Work order: An exact copy of every record, with no pictures, please.

The data:
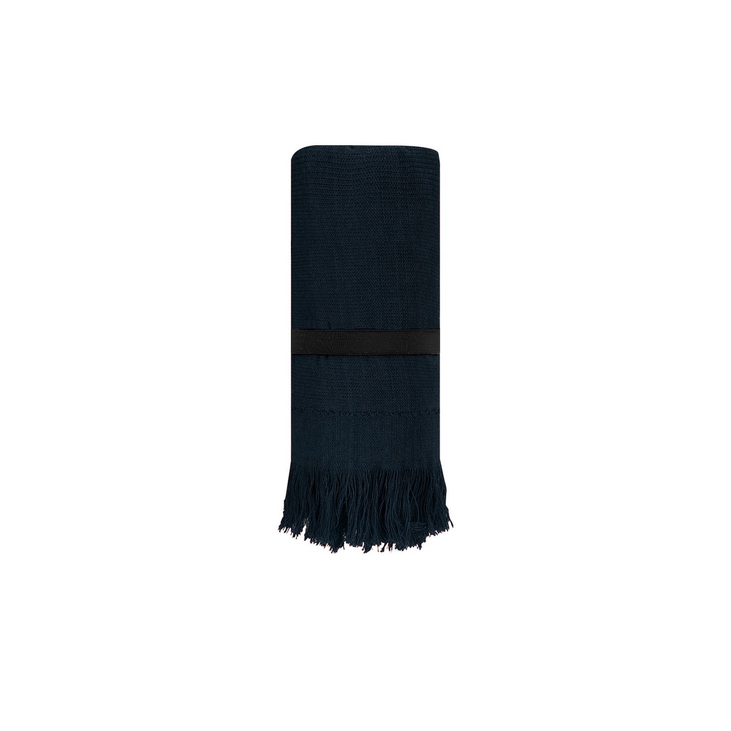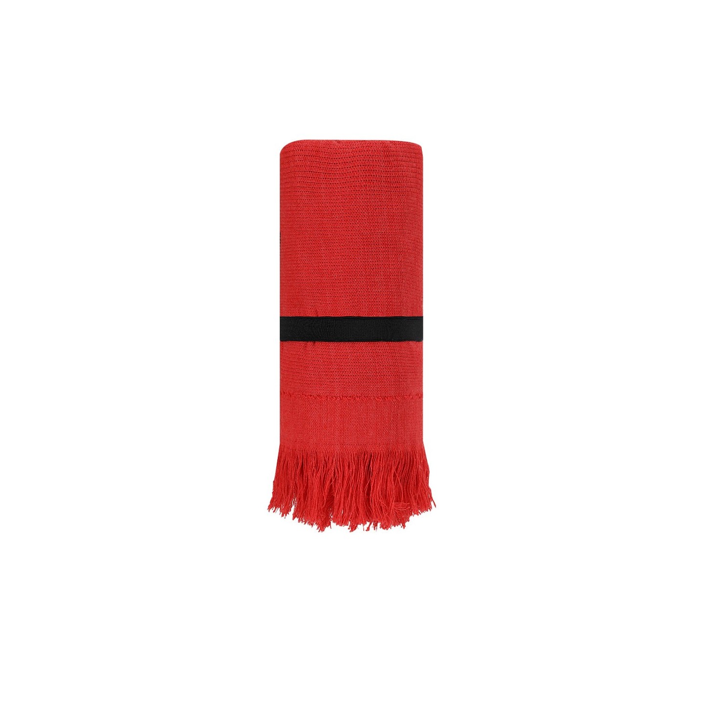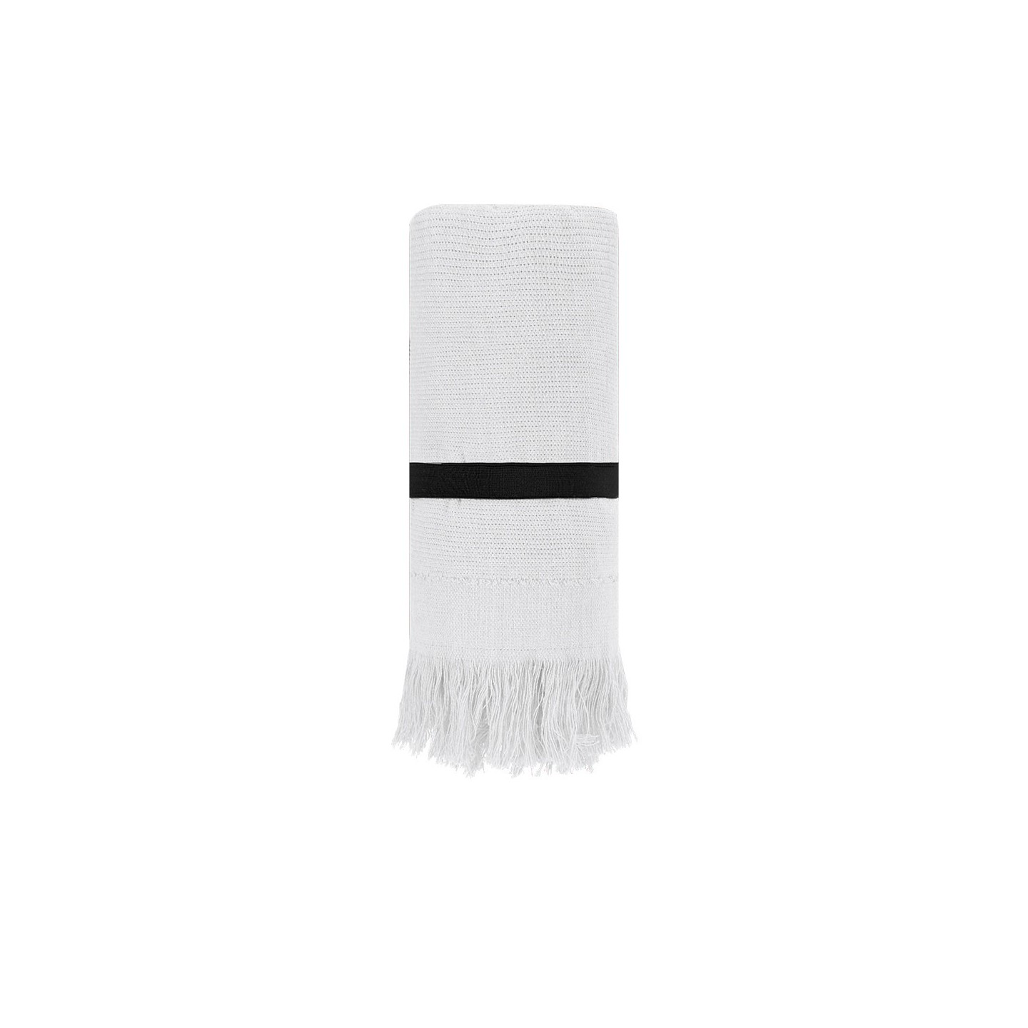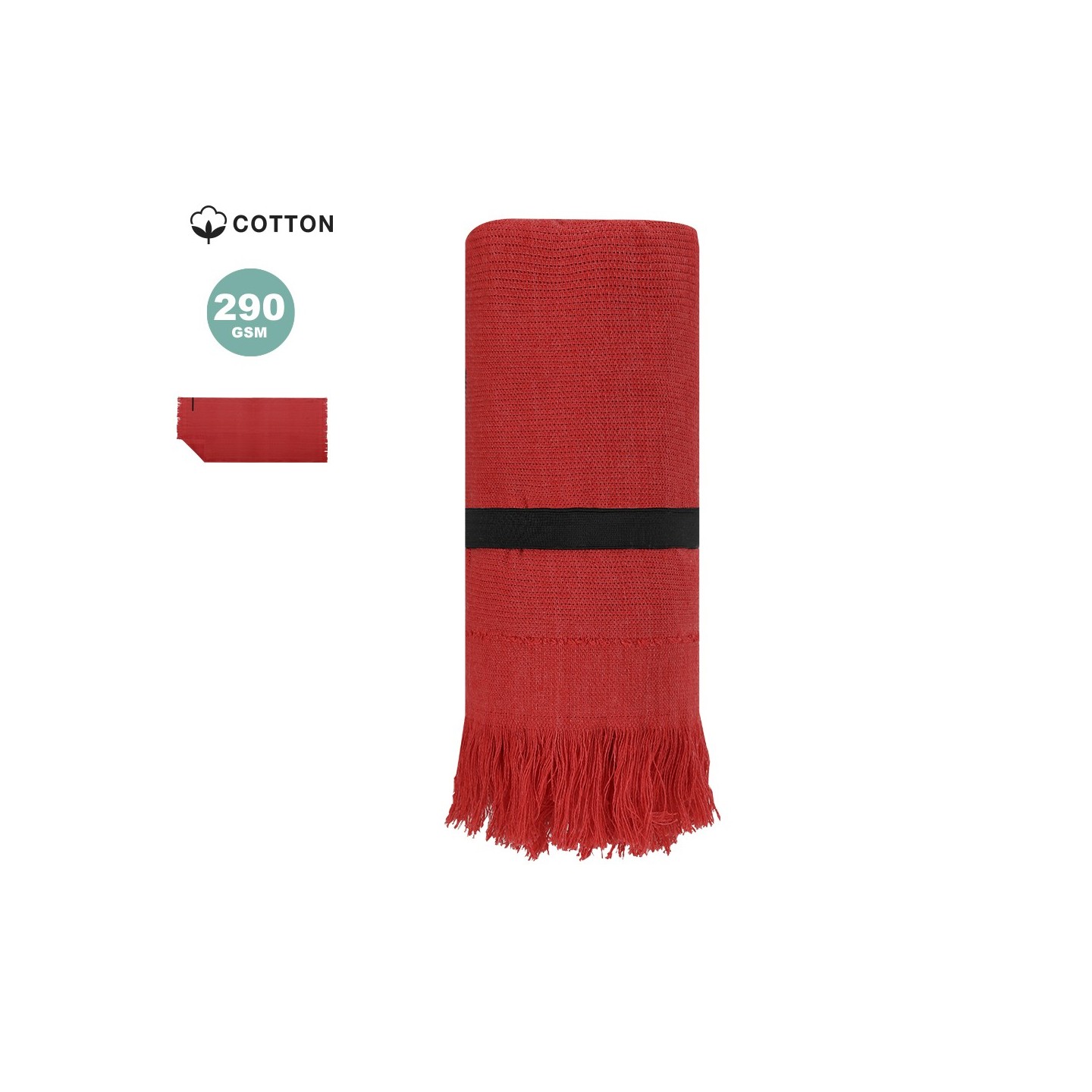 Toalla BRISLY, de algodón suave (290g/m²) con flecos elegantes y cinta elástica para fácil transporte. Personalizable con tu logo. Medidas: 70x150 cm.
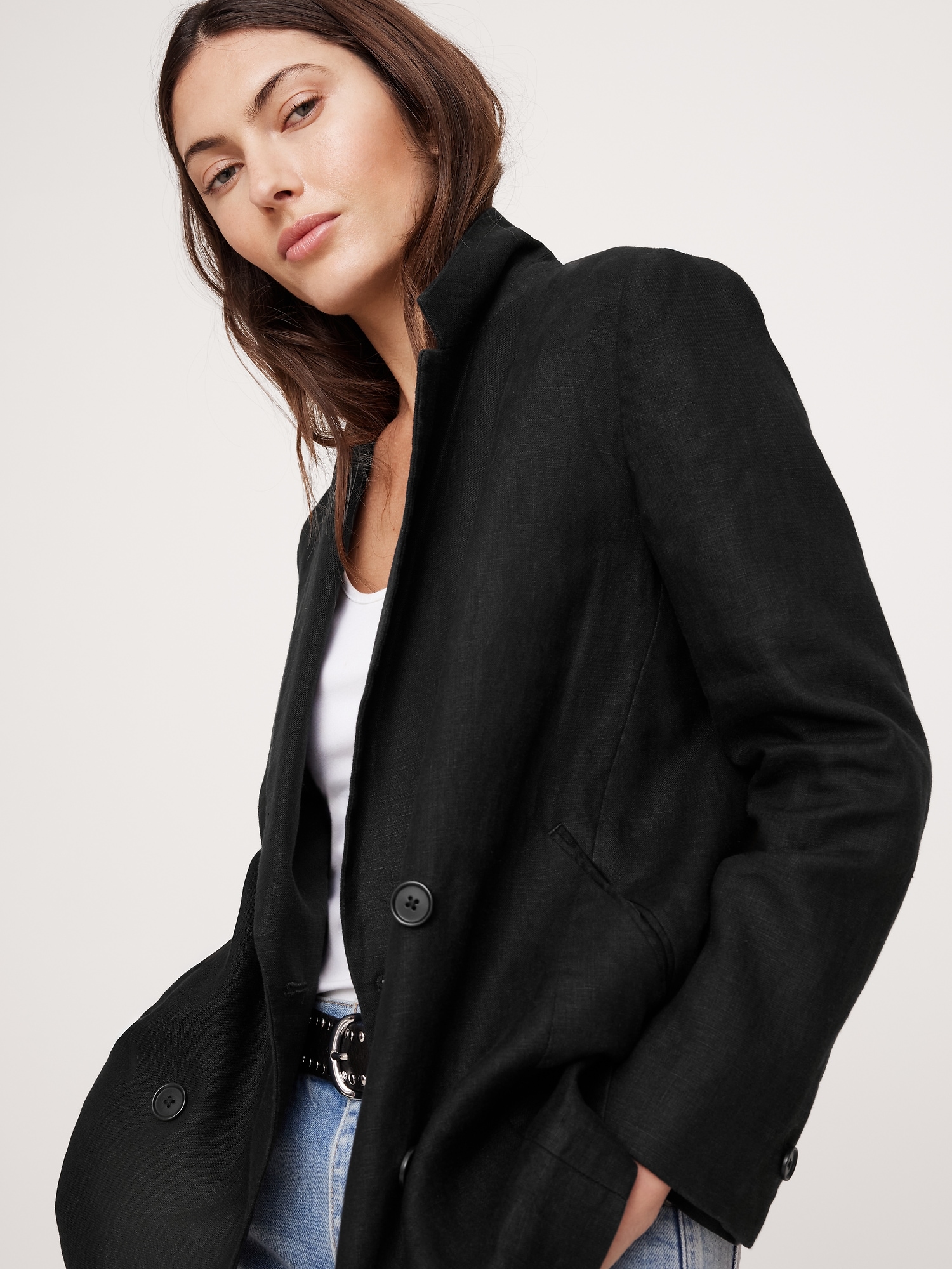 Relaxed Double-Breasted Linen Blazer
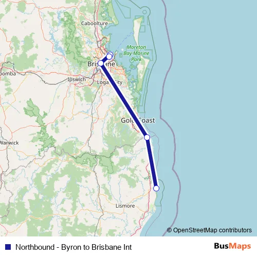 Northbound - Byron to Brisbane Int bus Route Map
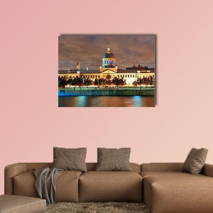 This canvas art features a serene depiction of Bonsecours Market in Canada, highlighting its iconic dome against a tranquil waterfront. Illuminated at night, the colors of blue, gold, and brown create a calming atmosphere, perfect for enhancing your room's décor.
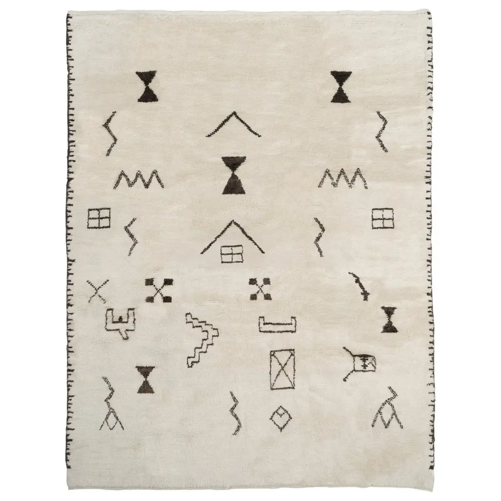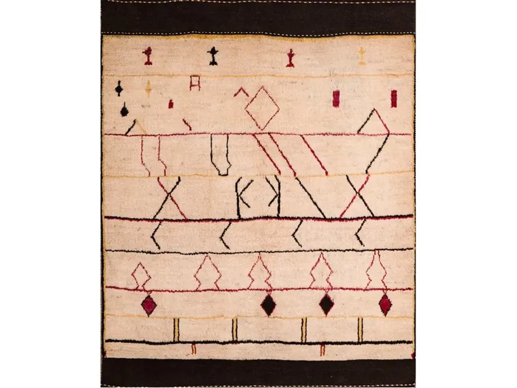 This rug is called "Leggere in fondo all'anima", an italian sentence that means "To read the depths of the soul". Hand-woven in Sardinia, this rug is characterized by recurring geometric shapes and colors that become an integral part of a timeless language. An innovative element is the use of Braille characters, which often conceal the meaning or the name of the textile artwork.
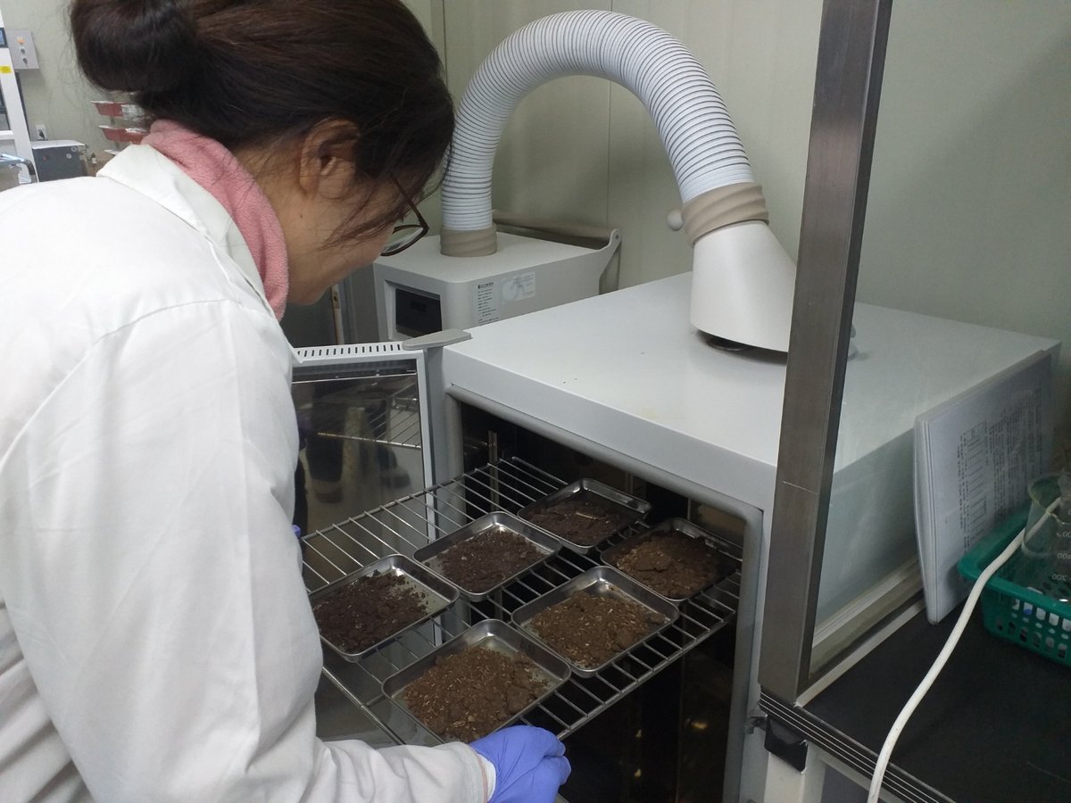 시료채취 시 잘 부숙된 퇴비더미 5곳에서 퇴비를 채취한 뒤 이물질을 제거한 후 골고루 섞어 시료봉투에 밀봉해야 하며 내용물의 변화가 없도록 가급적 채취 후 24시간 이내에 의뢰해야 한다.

Task solution:
 Toalla BRISLY, de algodón suave (290g/m²) con flecos elegantes y cinta elástica para fácil transporte. Personalizable con tu logo. Medidas: 70x150 cm.
 Relaxed Double-Breasted Linen Blazer
 Northbound - Byron to Brisbane Int bus Route Map
 This canvas art features a serene depiction of Bonsecours Market in Canada, highlighting its iconic dome against a tranquil waterfront. Illuminated at night, the colors of blue, gold, and brown create a calming atmosphere, perfect for enhancing your room's décor.
 This rug is called "Leggere in fondo all'anima", an italian sentence that means "To read the depths of the soul". Hand-woven in Sardinia, this rug is characterized by recurring geometric shapes and colors that become an integral part of a timeless language. An innovative element is the use of Braille characters, which often conceal the meaning or the name of the textile artwork.
 시료채취 시 잘 부숙된 퇴비더미 5곳에서 퇴비를 채취한 뒤 이물질을 제거한 후 골고루 섞어 시료봉투에 밀봉해야 하며 내용물의 변화가 없도록 가급적 채취 후 24시간 이내에 의뢰해야 한다.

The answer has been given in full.